Once "Ауыл мектептерінің 9-11" turns up in a line below, reproduce that line and those after it exactly, stopping after the line with "He aquí el castillo"; leave pictures out.

[Supplied data]:
::::::::

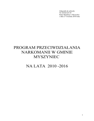 Załącznik do uchwały Nr XXXI/225/10 Rady Miejskiej w Myszyńcu z dnia 27 września 2010 roku PROGRAM PRZECIWDZIAŁANIA NARKOMANII W GMINIE MYSZYNIEC NA LATA 2010 -2016 1 MYSZYNIEC 2010 Wstęp Gminny program przeciwdziałania narkomanii został opracowany w oparciu o ustawę z dnia 29 lipca 2005 roku o przeciwdziałaniu narkomanii (Dz. U. Nr. 179, poz. 1485 z późn. zm.), z której wynika między innymi, że przeciwdziałanie narkomanii realizuje się przez odpowiednie kształtowanie polityki społecznej, oświatowo-wychowawczej i zdrowotnej, w tym m.in. poprzez działalność wychowawczą, edukacyjną i zapobiegawczą, także ograniczenie szkód zdrowotnych. Poniższy program współdziała z „Programem Gminnej Komisji Rozwiązywania Problemów Alkoholowych w Myszyńcu na 2010 rok” Ogólna charakterystyka problemu: Narkomania stała się ogólno polskim problemem społecznym. Obcość kulturowa zjawiska, często dramatyczne konsekwencje brania narkotyków, stwarza zagrożenie dla dzieci i młodzieży. Stan wiedzy społeczeństwa na temat narkotyków i narkomanii pozostawia wiele do życzenia. Dla większości osób narkoman to ktoś uzależniony od narkotyków, dla innych to osoba , która czasami używa narkotyków, dla jeszcze innych ktoś, kto obraca się w kręgach subkultury towarzyszącej narkotykom. Zarówno narkomania, jak okazjonalne używanie narkotyków mogą być definiowane w kategoriach problemu społecznego. Narkomania prowadzi do społecznej marginalizacji, współegzystuje z zachowaniami niedostosowanymi, destrukcyjnymi zagrażającymi zdrowiu i życiu. Zatacza ona coraz szersze kręgi, obejmując swym zasięgiem bliższe i dalsze środowisko osób używających i uzależnionych. Badania przeprowadzone przez Instytut Psychiatrii i Neurologii w 2007 roku na próbie losowej uczniów dwóch roczników: 15-16 lat (III kasa gimnazjum) i 17-18 lat (II klasa szkół ponadgimnazjalnych) wskazują na: Ø obniżeniu wieku inicjacji narkotykowej, Ø miejsca szczególnej dostępności narkotyków – szkoła, bar, dyskoteka, ulica, Ø szeroki wachlarz narastających problemów związanych z narkotykami doświadczanych przez młodzież tj. problemy z rodzicami, przyjaciółmi, w szkole, konflikty z prawem, Ø postawę akceptacji dla narkotyków i innych środków psychoaktywnych. Cel główny programu: Prowadzenie działań związanych z profilaktyką, ograniczenie spożywania narkotyków i substancji psychotropowych wśród młodzieży oraz integracja społeczna osób uzależnionych. Cele szczegółowe: 1. zmniejszenie problemów wynikających z używania substancji psychoaktywnych, 2. zwiększenie świadomości i poparcia dla działań podejmowanych na rzecz społeczności lokalnej, a w szczególności dzieci i młodzieży – z zakresu zapobiegania narkomanii, 3. zwiększenie liczby efektywnych programów profilaktycznych, 2 4. zmniejszenie skali problemów dotykających rodziny, a wynikających z podejmowania różnych zachowań problemowych, 5. zwiększenie umiejętności i zasobów społecznych młodzieży, niezbędnych do radzenia sobie z problemami oraz wdrożenia form profilaktyki opartych na kształtowaniu dojrzałych postaw i wartości akceptowanych społecznie, 6. promowanie zdrowego stylu życia. Zadania własne gminy i kierunki działań I. zwiększenie dostępności pomocy terapeutycznej i rehabilitacyjnej dla osób uzależnionych i zagrożonych uzależnieniem: 1. udzielanie porad i konsultacji psychologicznych dla osób uzależnionych i eksperymentujących z narkotykami oraz członków ich rodzin w ramach punktu konsultacyjnego GKRPA, 2. prowadzenie działań motywujących do podjęcia terapii, 3. rozpoczęcie współpracy z ośrodkami terapeutycznymi w celu zwiększenia dostępności do terapii stacjonarnej. II. Prowadzenie profilaktycznej działalności informacyjnej, edukacyjnej, szkoleniowej w zakresie wczesnej profilaktyki: 1. prowadzenie programów profilaktyki w szkołach, 2. dofinansowanie realizowanych programów profilaktyki na terenie szkół oraz ich koordynacja i nadzór nad ich realizacją, 3. prowadzenie profilaktycznej działalności pozaszkolnej w zakresie różnych form rekreacji i rozwoju osobistego (świetlice środowiskowe, socjoterapeutyczne, opiekuńczo wychowawcze, kluby sportowe – organizujące czas wolny dzieci i młodzieży, stanowiące alternatywę dla zażywania substancji psychoaktywnych), 4. dofinansowanie profilaktycznych i terapeutycznych obozów i kolonii dla dzieci i młodzieży z programem przeciwdziałania zażywania narkotyków i stosowania agresji. 5. promowanie programów opierających się na pracy liderów młodzieżowych w środowisku rówieśniczym, 6. realizacja profilaktyki skierowanej jednocześnie do dzieci, młodzieży, rodziców nauczycieli, 7. dożywianie dzieci uczestniczących w pozalekcyjnych programach opiekuńczo – wychowawczych, 8. dofinansowanie imprez gminnych ugruntowujących postawy promujące zdrowy styl życia, właściwe wzorce rodzinne i społeczne, 9. wspieranie i podnoszenie kwalifikacji osób pracujących z osobami uzależnionymi poprzez organizowanie i dofinansowanie szkoleń, 10. organizowanie kampanii społeczno-edukacyjnych w środowisku lokalnym poprzez: Ø opracowywanie i upowszechnianie materiałów informacyjno – edukacyjnych z zakresu promocji zdrowia i profilaktyki narkomanii ( ulotki, broszury, plakaty, filmy) Ø współpraca z mediami w zakresie upowszechniania wiedzy na temat narkomanii i związanych z nią problemów oraz w zakresie promocji zdrowego stylu życia, 3 III. Wskazywanie rodzinom, w których występuje problem narkomanii, pomocy psychospołecznej i prawnej , którą mogą uzyskać w placówkach zajmujących się rodzinami osób uzależnionych w zakresie diagnozy stanu aktualnego i koordynacji. IV. Wspomaganie działalności instytucji, organizacji pozarządowych 1. współpraca z policją w celu prowadzenia wspólnych działań profilaktycznych wynikających z u
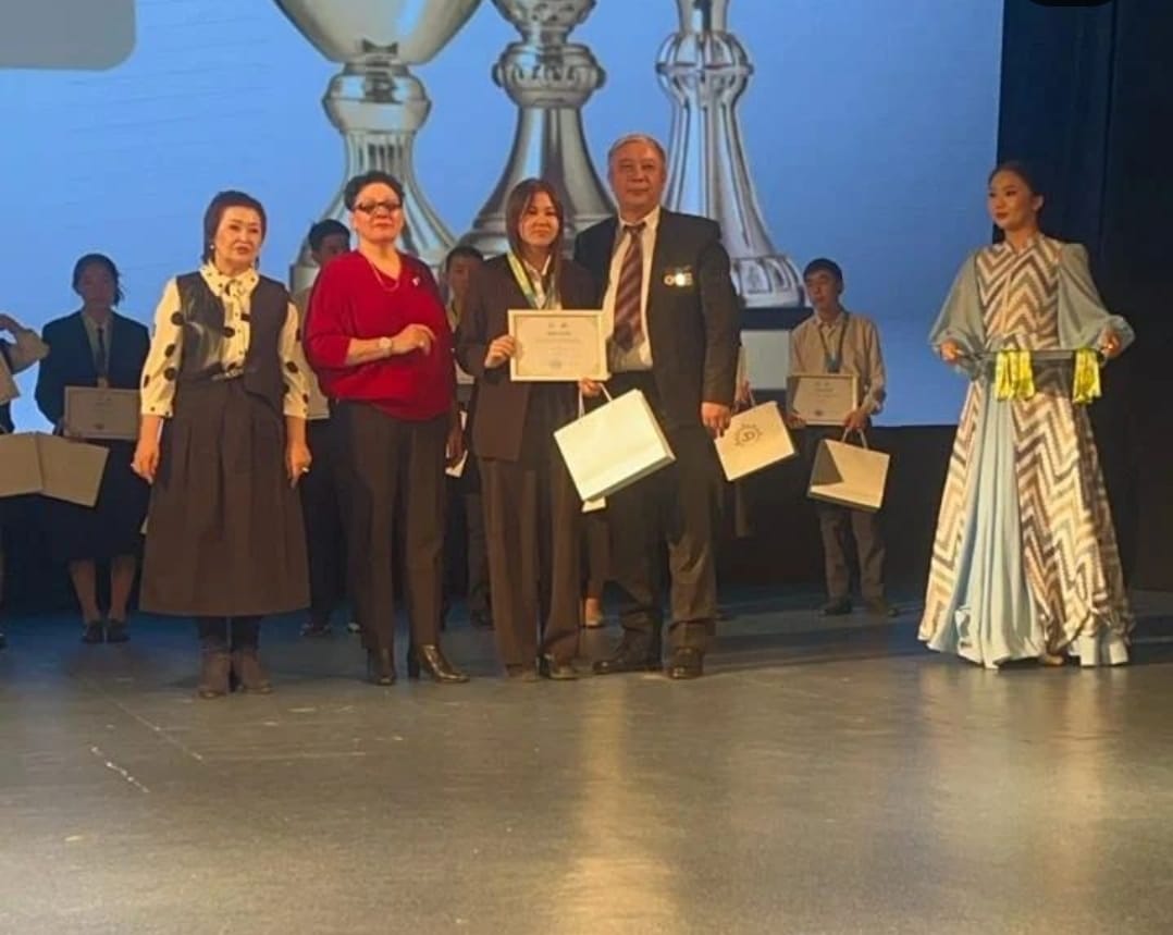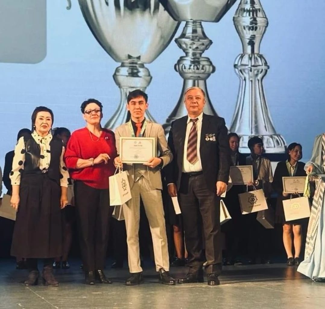 Ауыл мектептерінің 9-11 сынып оқушыларына арналған жалпы білім беретін пәндер бойынша республикалық олимпиаданың облыстық кезеңінің жүлделі орын иегерлері мектебіміздің 11-сынып оқушысы Құланбек Қыран және 10-сынып оқушысы Маратқызы Гульназды марапаттау сәті.
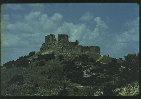 He aquí el castillo en ruinas que se vislumbra encima del monte en la foto anterior.
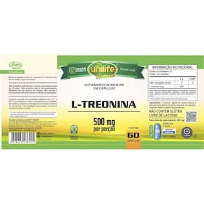 L-treonina unilife 500mg 60 cápsulas Modo de uso: Sugere-se a ingestão de 2 cápsulas ao dia após a refeição. Ingerir com líquido. Ingredientes: L-treonina, agente de massa celulose e antiumectantes dióxido de silício e estearato de magnésio. Cápsula: gelatina vegetal e água purificada. Peso total de cada cápsula: 500mg. Não contém glúten. Livre de lactose. Produto vegano. Produto autorizado para comercialização em todo o território nacional através do anexo i da rdc 240/2018 da anvisa. Afe do ms 6.02234-1. Marca: Não Informado Ean: 7898483536405
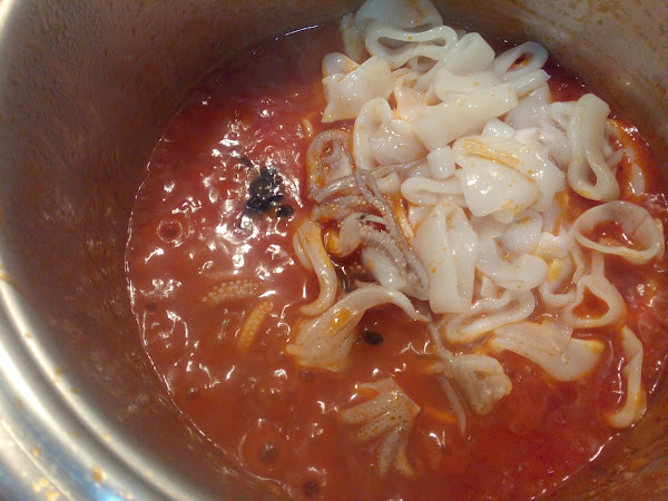 Añadir los calamares, una pizca de tinta de calamar, salar al gusto.
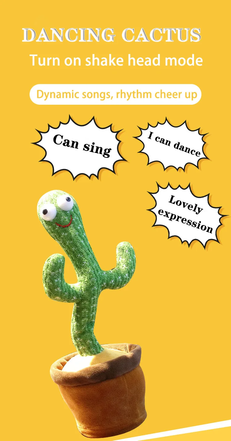 Танцующий кактус, может спеть, может танцевать, научиться говорить, может сиять, может скручиваться с ритмом музыки. Этот продукт имеет батареи и модели зарядки(Для оплаты батареи требуется автономный аккумулятор)
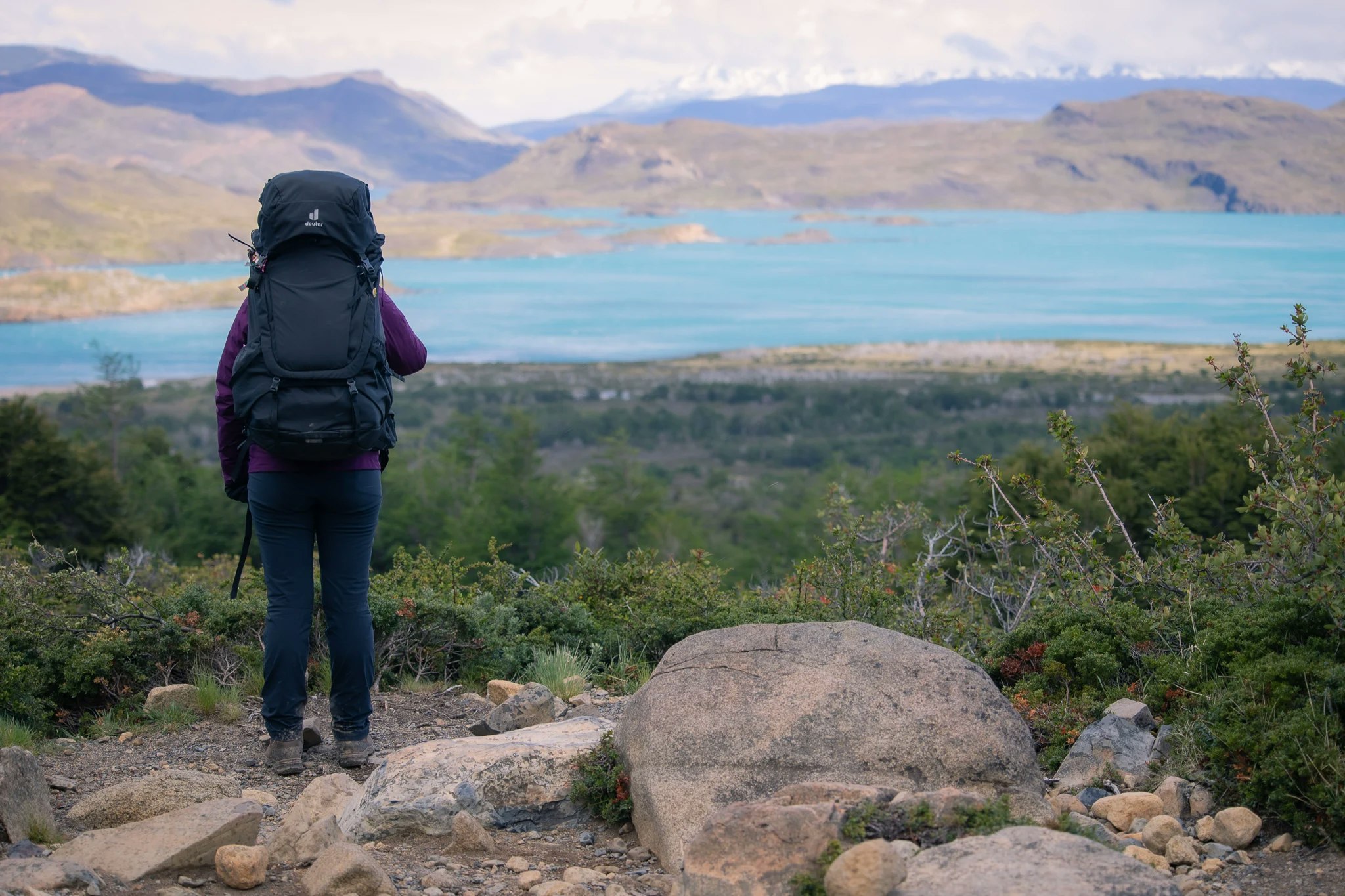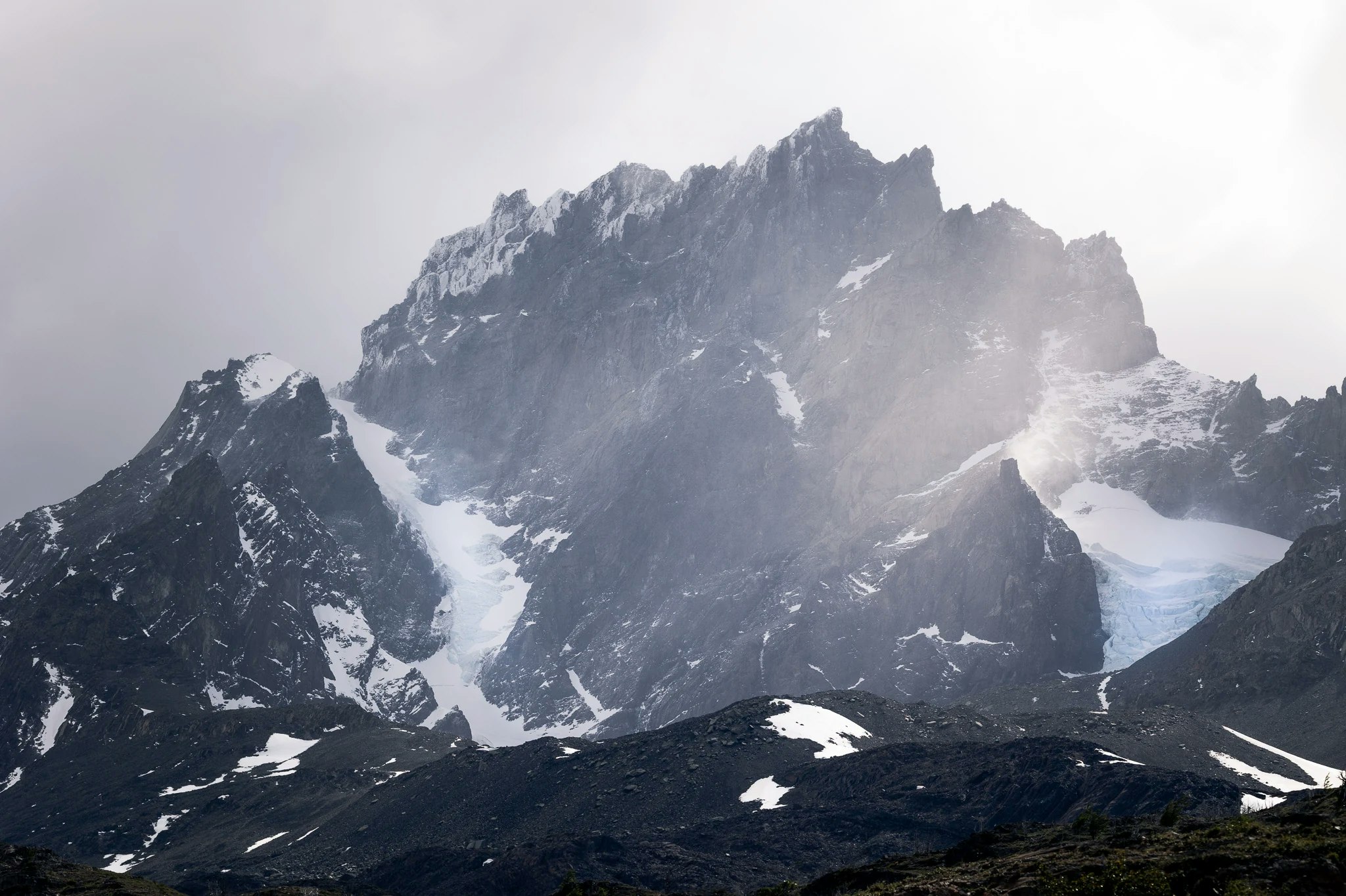 The start of our trek was at Paine Grande, where we arrived by catamaran. The first day's hike was a fairly short one, just 12km with a couple hundred meters of altitude, but with the heavy packs. The path wound through shrub and many dead trees along a small beautiful lake with a small island in it, before spotting Lago Grey, and more impressively the first ice bergs floating inside of it. Being a glacier lake, Lago Grey is fed by Grey Glacier that's part of the Southern Patagonian Ice Field. Spotting the glacier from the top of the mountain pass was mind-boggling. Even from afar you could tell that the covered area is massive. At the same time, the winds on the pass were incredible, we kept adjusting our steps and posture to compensate for the wind pushing against us and howling around our ears. After a quick snack we hiked on till we arrived at the hut and our first accommodation for the night. A very dramatic incident that happened only a week after we were there shows just how severe the weather in this area can get. Sadly, a group of 5 hikers got caught in a heavy snow storm just a few hours hike away from Grey hut and died. We didn't know at the time obviously, but it certainly shocked us when we read about it afterwards.
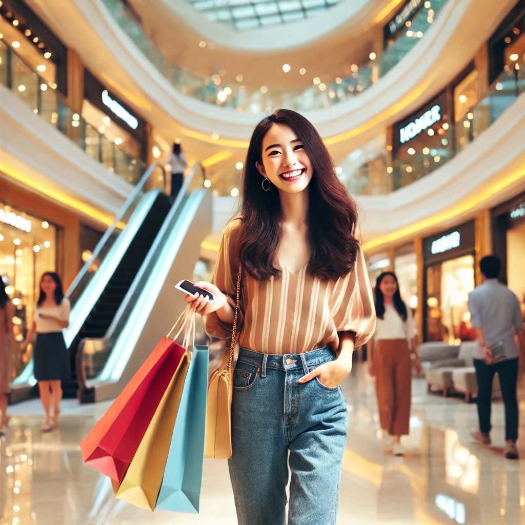 强调对购物这件事本身的乐趣和享受,更适合描述兴趣或爱好。如:
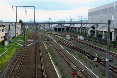 駅の向こう側に見える線路は狭軌線で貨物列車は新幹線駅構内を通らない構造になっています。
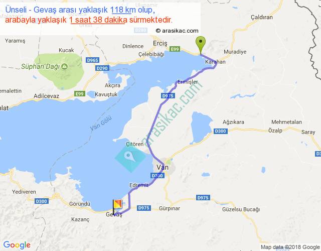 Ünseli - Gevaş arası yaklaşık olarak 90 km/h ile yukarıda belirtilen sürede olup, iki yerin kuş uçuşu uzaklığı (mesafesi) 86'dir. Yolculuk otobüsle 2 saat 7 dakika sürmektedir.

::::::::

[Reply to the task]:
 Ауыл мектептерінің 9-11 сынып оқушыларына арналған жалпы білім беретін пәндер бойынша республикалық олимпиаданың облыстық кезеңінің жүлделі орын иегерлері мектебіміздің 11-сынып оқушысы Құланбек Қыран және 10-сынып оқушысы Маратқызы Гульназды марапаттау сәті.
 He aquí el castillo en ruinas que se vislumbra encima del monte en la foto anterior.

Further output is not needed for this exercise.